Red quinoa is a superfood that can improve your health naturally. Discover its benefits, especially if you suffer from celiac disease, and how to integrate it into your diet.
The benefits of Red Quinoa are waiting for you.
One of the most common questions about red quinoa is whether it is a good cereal for those who have celiac disease or who are sensitive to gluten. The answer is that quinoa is technically gluten-free, although as a cereal it still contains small amounts of gluten in its structure. What this means is that those who are extra sensitive to gluten may have a reaction to quinoa while many others may not.
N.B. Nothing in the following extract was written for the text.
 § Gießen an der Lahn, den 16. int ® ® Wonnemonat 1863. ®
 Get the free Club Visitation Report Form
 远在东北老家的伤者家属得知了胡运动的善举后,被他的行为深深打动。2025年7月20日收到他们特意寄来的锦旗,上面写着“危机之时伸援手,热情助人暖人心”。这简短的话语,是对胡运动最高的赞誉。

Just do a test and find out if quinoa works for you.
What do studies say about Quinoa?
One study tested 19 patients with celiac disease and gave them a quarter cup of quinoa daily for 6 weeks to see if it affected them negatively. If they were adversely affected, there would have been changes in their intestinal tract. The researchers found that quinoa did not activate celiac disease in the patients. What is interesting in the study is the small amount of quinoa they gave the patients. Normally cereals or grains are served in the one-half cup portion but here the patients were given half the portion. The researchers may have known that the glycemic index of quinoa is 55, making it a moderate glycemic index food. In fact if the patients had been given ¾ cup of quinoa, the sugar content of this amount would have been quite a bit higher - at 53. Which means that if you are diabetic or have metabolic problems, eating quinoa can only be a ¼ serving or your blood sugar levels will skyrocket. If this happens - even without having diabetes, high sugar levels predispose you to develop a degenerative disease or exacerbate the one you already have. (Celiac disease is considered a degenerative disease).
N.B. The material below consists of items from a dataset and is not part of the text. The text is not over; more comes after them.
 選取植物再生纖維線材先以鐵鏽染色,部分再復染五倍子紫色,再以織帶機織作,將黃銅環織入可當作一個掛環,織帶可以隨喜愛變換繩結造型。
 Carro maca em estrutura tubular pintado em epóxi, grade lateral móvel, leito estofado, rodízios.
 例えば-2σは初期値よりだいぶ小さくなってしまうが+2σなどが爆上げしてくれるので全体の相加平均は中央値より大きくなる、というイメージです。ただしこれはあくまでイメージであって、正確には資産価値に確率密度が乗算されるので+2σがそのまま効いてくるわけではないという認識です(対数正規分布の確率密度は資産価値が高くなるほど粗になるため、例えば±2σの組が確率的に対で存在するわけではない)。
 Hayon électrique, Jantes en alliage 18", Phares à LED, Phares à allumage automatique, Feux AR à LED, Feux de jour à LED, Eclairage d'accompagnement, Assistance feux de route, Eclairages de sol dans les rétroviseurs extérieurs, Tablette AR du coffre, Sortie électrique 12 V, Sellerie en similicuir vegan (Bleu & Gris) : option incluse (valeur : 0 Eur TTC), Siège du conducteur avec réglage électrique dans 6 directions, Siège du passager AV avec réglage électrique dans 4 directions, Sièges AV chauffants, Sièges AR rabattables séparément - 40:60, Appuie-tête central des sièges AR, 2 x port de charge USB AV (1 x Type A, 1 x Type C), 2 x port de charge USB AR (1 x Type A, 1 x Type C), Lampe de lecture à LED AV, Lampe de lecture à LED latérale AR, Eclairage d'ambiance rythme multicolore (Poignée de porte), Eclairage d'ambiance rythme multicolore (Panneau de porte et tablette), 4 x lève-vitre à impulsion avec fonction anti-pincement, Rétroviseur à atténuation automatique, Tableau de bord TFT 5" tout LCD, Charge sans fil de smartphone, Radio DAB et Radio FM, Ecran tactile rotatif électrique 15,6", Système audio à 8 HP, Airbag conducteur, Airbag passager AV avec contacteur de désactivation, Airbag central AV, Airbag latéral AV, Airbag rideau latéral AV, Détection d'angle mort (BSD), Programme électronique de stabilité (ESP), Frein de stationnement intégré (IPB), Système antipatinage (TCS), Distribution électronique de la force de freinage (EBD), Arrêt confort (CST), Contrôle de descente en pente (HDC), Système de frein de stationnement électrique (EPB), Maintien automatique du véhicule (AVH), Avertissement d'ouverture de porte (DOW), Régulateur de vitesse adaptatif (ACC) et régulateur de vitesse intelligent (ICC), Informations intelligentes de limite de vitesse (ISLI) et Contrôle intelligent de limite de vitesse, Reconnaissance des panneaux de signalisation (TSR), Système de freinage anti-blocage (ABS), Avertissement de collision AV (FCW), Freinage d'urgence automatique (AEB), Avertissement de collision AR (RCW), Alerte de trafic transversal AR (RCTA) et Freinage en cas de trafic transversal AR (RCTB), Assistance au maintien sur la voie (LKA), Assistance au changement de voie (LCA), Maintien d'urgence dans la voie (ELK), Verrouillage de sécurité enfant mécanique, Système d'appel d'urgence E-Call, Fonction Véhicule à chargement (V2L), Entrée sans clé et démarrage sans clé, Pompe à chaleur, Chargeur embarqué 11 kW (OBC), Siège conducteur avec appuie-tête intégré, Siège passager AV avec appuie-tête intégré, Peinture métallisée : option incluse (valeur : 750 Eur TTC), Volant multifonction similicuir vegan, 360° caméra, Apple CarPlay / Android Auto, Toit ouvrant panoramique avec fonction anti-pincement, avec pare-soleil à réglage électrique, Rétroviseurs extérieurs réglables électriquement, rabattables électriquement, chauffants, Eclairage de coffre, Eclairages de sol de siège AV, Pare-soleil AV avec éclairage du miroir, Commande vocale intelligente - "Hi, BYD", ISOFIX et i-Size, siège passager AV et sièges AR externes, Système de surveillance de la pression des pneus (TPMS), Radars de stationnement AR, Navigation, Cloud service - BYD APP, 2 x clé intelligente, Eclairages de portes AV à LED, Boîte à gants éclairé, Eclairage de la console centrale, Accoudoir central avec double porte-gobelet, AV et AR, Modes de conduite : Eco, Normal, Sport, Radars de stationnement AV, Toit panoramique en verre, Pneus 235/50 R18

Benefits of red, white and yellow quinoa
There are three varieties of Quinoa - red, white and yellow. That being said, here you have the benefits of red quinoa, (as well as white and yellow):
- Good source of amino acids. Quinoa is one of the foods that contain all the essential amino acids your body needs to regenerate itself.
- Good source of magnesium and phosphorus. Normally these minerals are difficult to obtain in the diet.
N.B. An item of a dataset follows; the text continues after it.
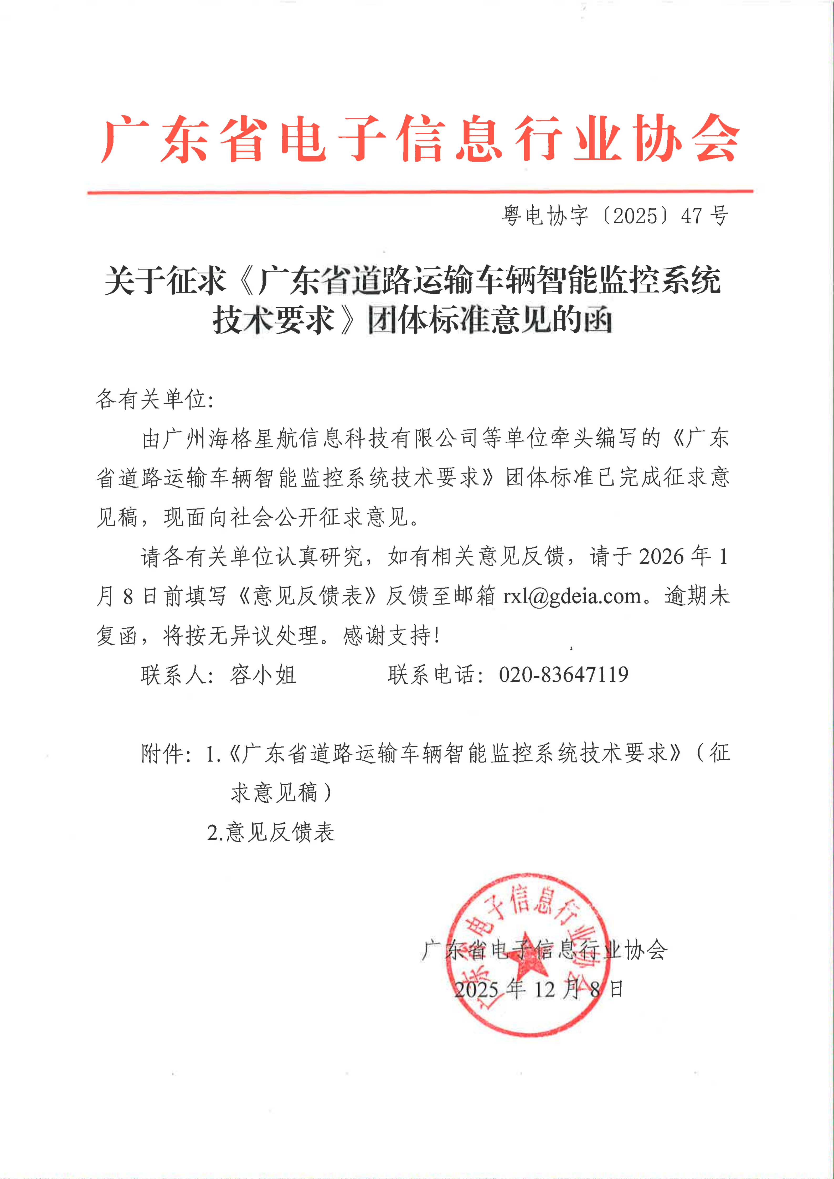 关于征求《广东省道路运输车辆智能监控系统技术要求》团体标准意见的函

- Good source of quercetin, which benefits those with allergies. Quercetin acts as an anti-inflammatory agent in the body. It also has anti-cancer and antioxidant properties.
- Quinoa provides insoluble fiber, which means that the colon benefits from this, and prevents constipation.
Recipe with quinoa
Quinoa is easy to cook because it cooks like rice. If you know how to cook rice, you know how to cook quinoa. For every cup of quinoa you put in the pan, add two cups of water, a handful of Himalayan salt. Cover and simmer for 15 minutes. The big question is how you can add it to your diet. It's an easy question because you can do so much with it. Here are some solutions:
- Eat it as a breakfast cereal, with a handful of nuts and a piece of fruit, and with eggs for a balanced breakfast of protein, carbohydrates and fats.
- Mix it with vegetables in the meal. For example, mix it with tomatoes, cucumbers, zucchini, and some Italian spices such as basil, oregano or rosemary. You will only need ¼ teaspoon of each spice per cup of cooked quinoa. You can add vinegar or olive oil as well - balsamic vinegar is great in this dish.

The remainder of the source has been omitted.